Bread makers are bracing themselves for a possible repeat of 2010, when failed harvests and export bans sent grains prices soaring.
But while the price rises two years ago were mainly down to issues with wheat, this time it is maize that is the problem.
Drought has devastated the US maize crop and because wheat is a substitute in the feed market, demand for wheat has increased dramatically, causing prices in London and Paris to rise by a third in just one month.
At this level, bakers will have little choice but to pass on increases to consumers.
“The sheer magnitude of the wheat price increases means that we will have to pass them on,” says Michael Clarke, CEO of Hovis baker Premier Foods. Clarke has the added concern that Hovis is committed to using only British wheat, which has been hit by the recent wet weather, while arch rival Warburtons also uses Canadian wheat, which is less affected.
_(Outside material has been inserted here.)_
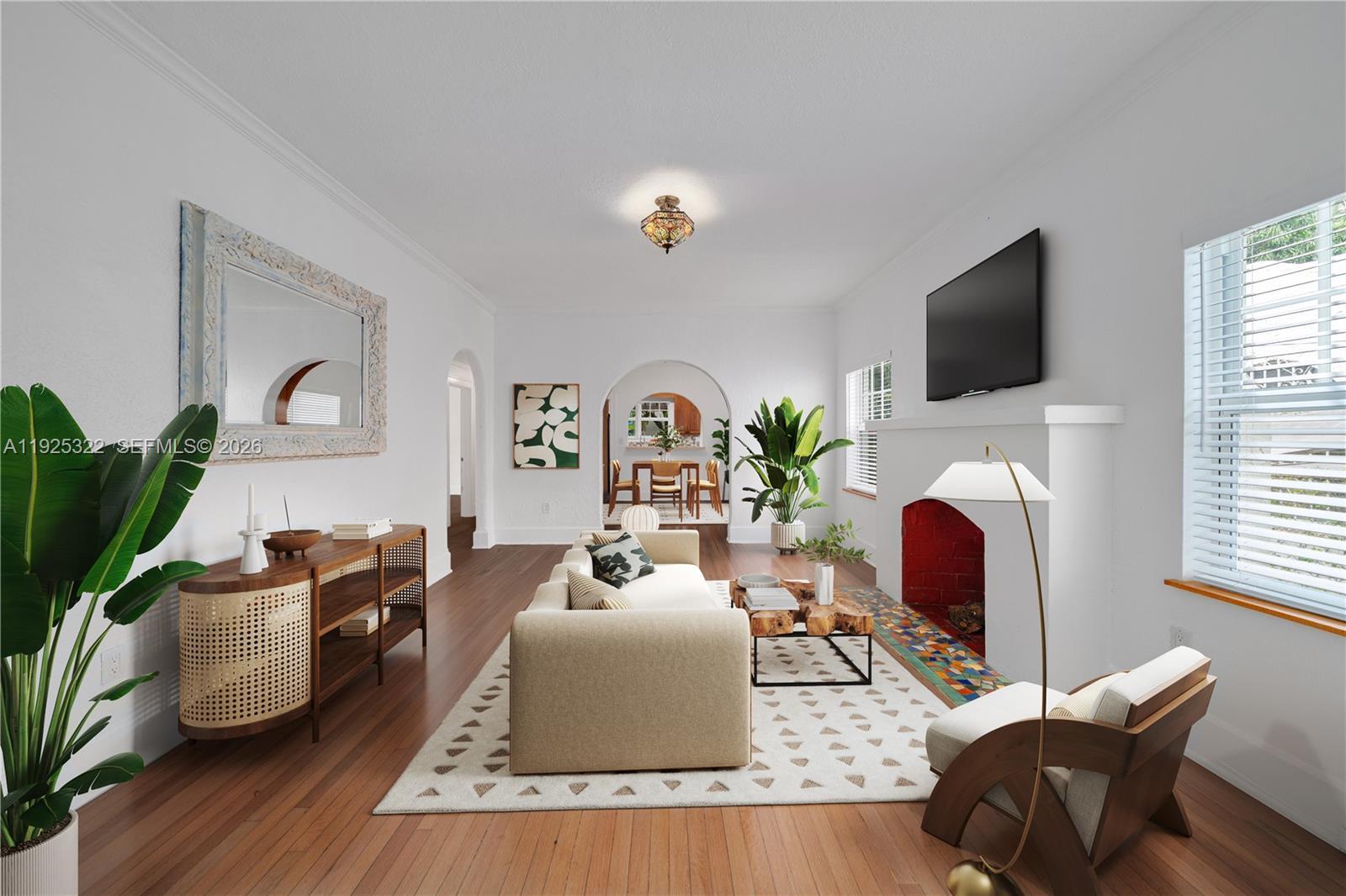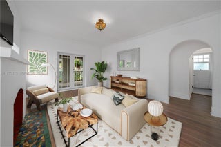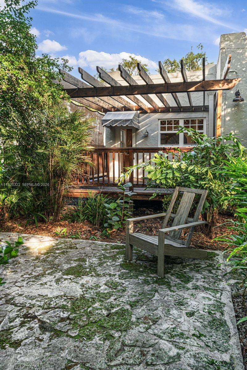 Welcome to this beautifully restored 1926 Pueblo Revival residence, ideally set within the Pueblo Village enclave of Miami’s historic Spring Garden neighborhood. This 3-bedroom, 2-bath home spans 1,913 interior square feet on a 7,650-square-foot lot and includes a detached garage currently configured as a flexible office or studio space. The home has been thoughtfully renovated and is move-in ready, while preserving hallmark architectural elements including irregular textured stucco, recessed windows, rounded corners, and signature cylindrical rain spouts. Impact windows have been installed throughout for peace of mind and efficiency. The lush backyard is framed by mature trees, offering a private garden atmosphere where butterflies are a frequent visitor. Set along wide, tree-lined streets near two neighborhood parks, Spring Garden delivers rare tranquility just minutes from Downtown Miami, Brickell, and Miami Beach.

Weather-related problems continue to take their toll on the grains markets, with milling wheat now a particular pressure point (see above).
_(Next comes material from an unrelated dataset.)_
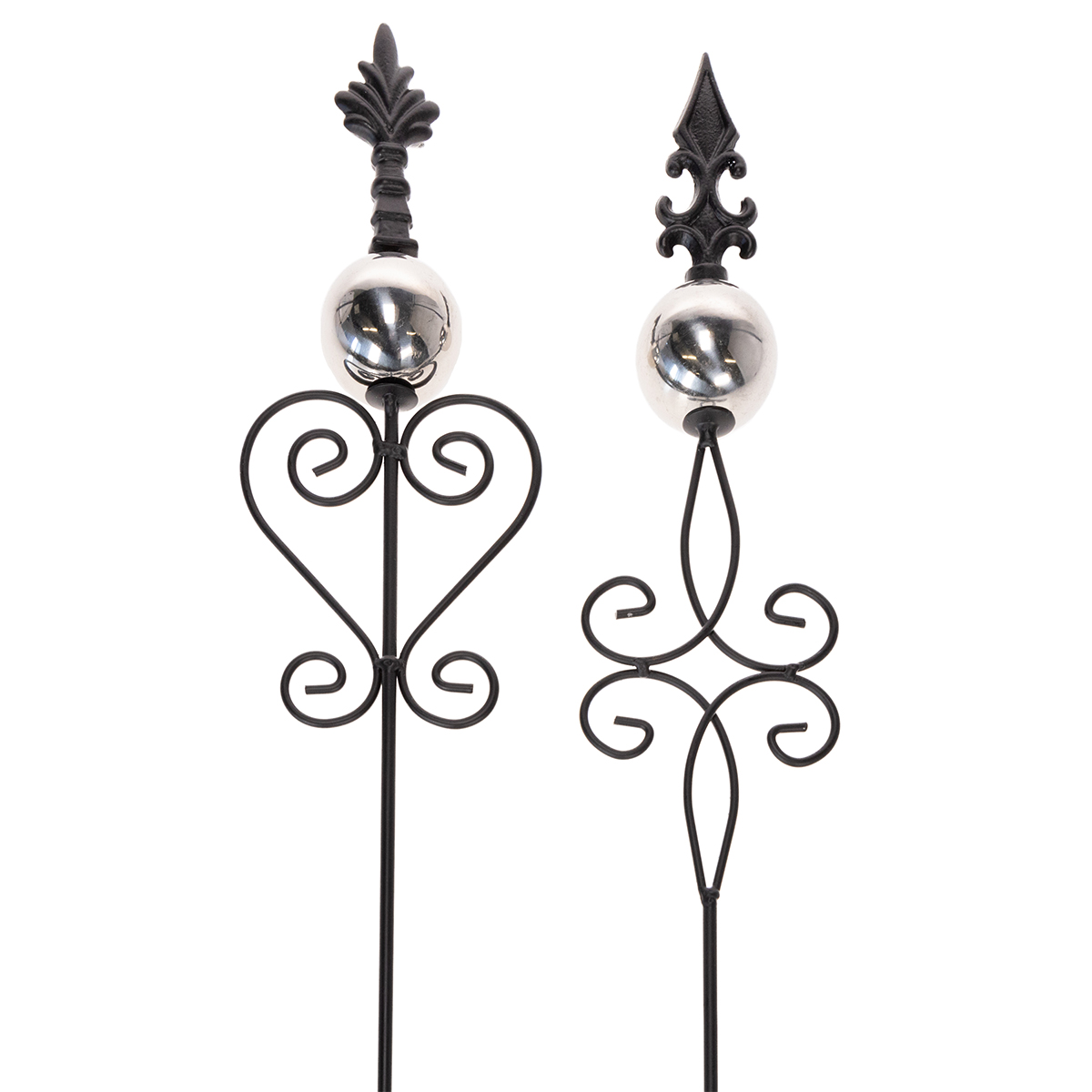 Tuinpaal met sierlijk ontwerp, decoratieve vorm en stijlvolle metalen bal, 90 cm, 2 stuks

Prices have also risen in the UK oats market even though planting area was expected to be up, after torrential rains over the summer left many fields flooded. At an average of £180/tonne, UK oats are now 2.9% more expensive than last year, having risen by a further 16.1% in the past month.
Basmati rice prices are also rising - at £643.9/tonne, they are up 22.9% year-on-year and 17.7% month-on-month - due to comparatively poor monsoon rains on the Indian sub-continent this year.
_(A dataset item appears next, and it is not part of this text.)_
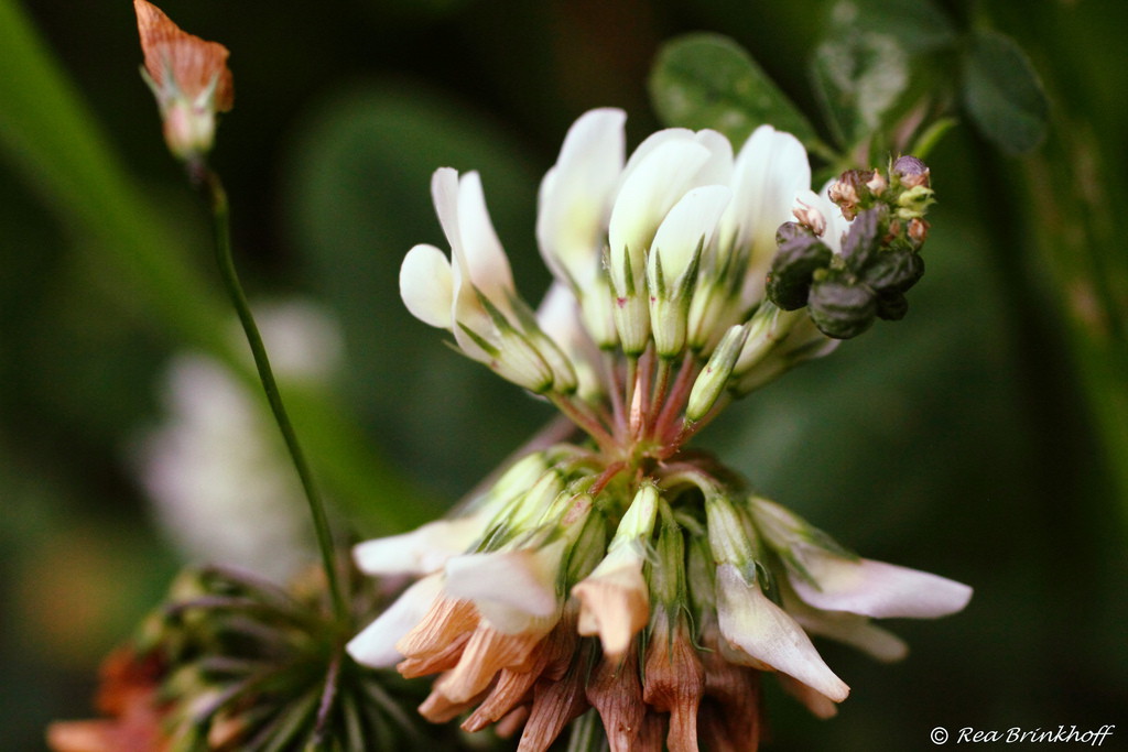 Die Blüten sind weißlich, verblüht bräunlich. Die Blüten sind deutlich gestielt. Dieser Blütenkopf ist ca. 2cm breit.

Prices have remained on a downward trajectory for electricity and key plastics.
“There are real concerns about the UK crop,” says Alex Waugh, director general of the National Association of British and Irish Millers.
There have already been sharp price increases for domestic milling wheat suitable for bread making. The UK milling wheat price has shot up by 40%, to £246/tonne, in a month. The feed wheat price has risen by a more modest 28%, to £192/tonne.
Dry weather over the coming month would mitigate the quality problems and pressure on prices, but some of the damage is likely to have been done.
Another risk factor is a potential export ban on wheat from Russia and the ex-Soviet states. Two years ago, Russia inflated world wheat prices by implementing an export ban because of a poor projected harvest.
Moscow has kept export channels open for now, but speculation was rising this week that a ban this year could be on the cards after all.